In late 2012, Film alumnus Saman Kesh (BFA 10) went to Taiwan on an assignment to write and direct a short to promote a forthcoming massively multiplayer game in the vein of World of Warcraft.
What Kesh ended up making over the duration of a two-day shoot was Controller, an eight-minute science fiction short film about an imprisoned young woman with psychic powers who takes physical control of her boyfriend to facilitate her rescue.
What does the former have to do with the latter? Other than two Chinese hanzi characters that appear at the 7:45 mark—since the game was developed for the Chinese market—absolutely nothing.
“What the company asked for was essentially a science fiction project that had no connection to the game,” Kesh says, describing the assignment. “It’s funny, because I tried to place hints of the actual game into the film, but they kept telling me, ‘Take it out, take it out.’”
That ended up working to his advantage when, in the middle of editing, for reasons still unknown to Kesh, the company put the brakes on the project.
“They were no longer interested,” says Kesh who, along with Marco Wu and Tom Lee, the film’s contracted producers, set out to gain the rights to the intellectual property they had created for the short. “I had fallen in love with the story and wanted to continue further with my vision, but on my own.”
Hollywood loved what it saw, too, and several studios began bidding for the project.

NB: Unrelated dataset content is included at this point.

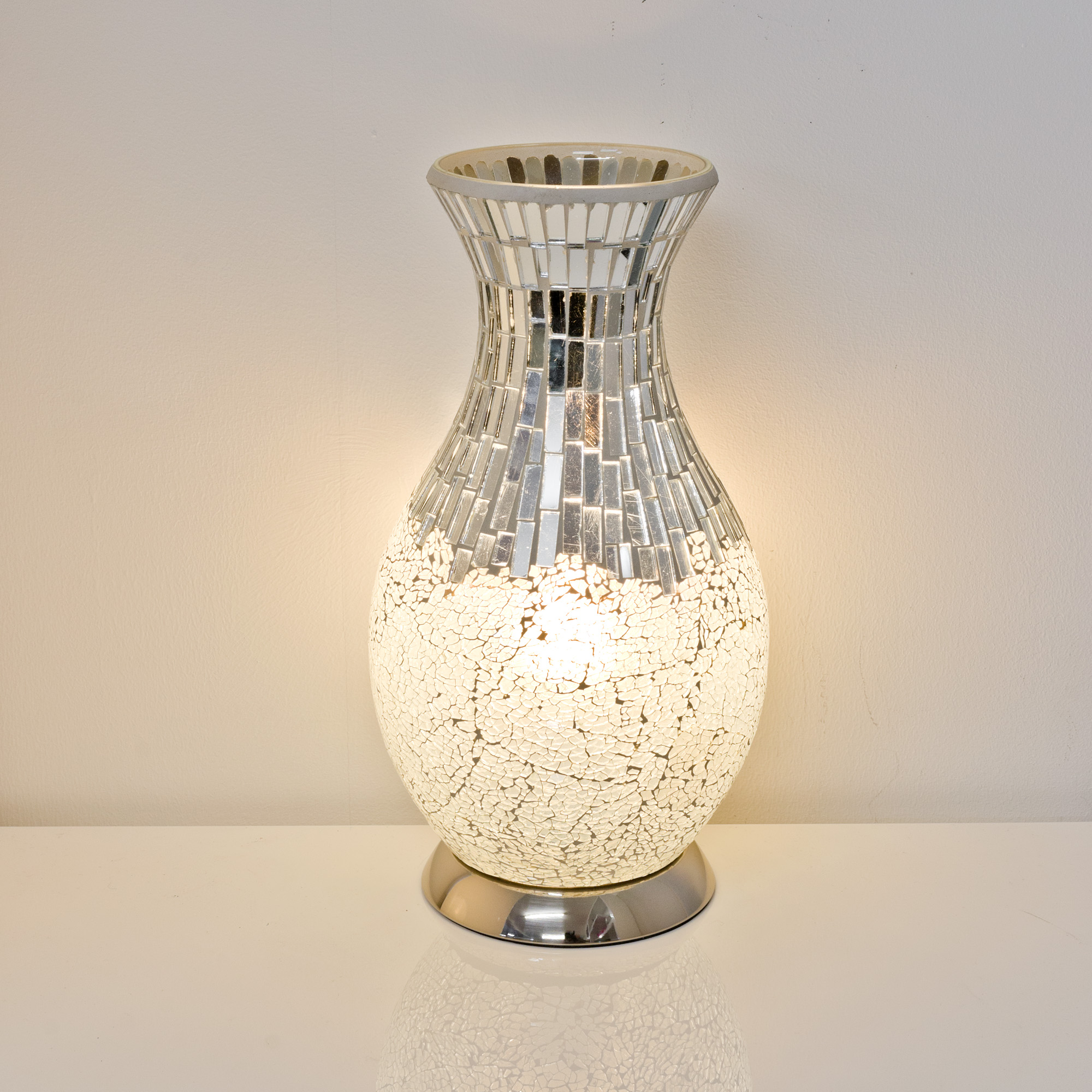 The Mosaic Glass Vase Lamp in White transforms everyday lighting into an enchanting visual experience. Standing at 35 cm tall with a 20 cm diameter, this elegant lamp features an artful vase shape rendered in sleek white mosaic glass atop a polished chrome base, making it equally striking switched on or off.

Ultimately, Kesh signed a deal with 21st Century Fox in which he would direct a full-length feature that would flesh out Controller’s narrative.
Kesh says he chose Fox primarily because the studio embraced the film’s setting of a futuristic homogenized Taiwan. “The project feels like anime,” Kesh says. “It wouldn’t work if it was set in America.”
Kesh had no idea things would work out this way. Before Controller took off, he had already mentally mapped out his first feature film—a low-budget return to the world he created for his 2009 “Luv Delux” music video for Cinnamon Chasers.
“Very rarely is a newb allowed to bring a concept into a studio space,” he says. “It’s been eye-opening and now it’s a model I can follow in the future.”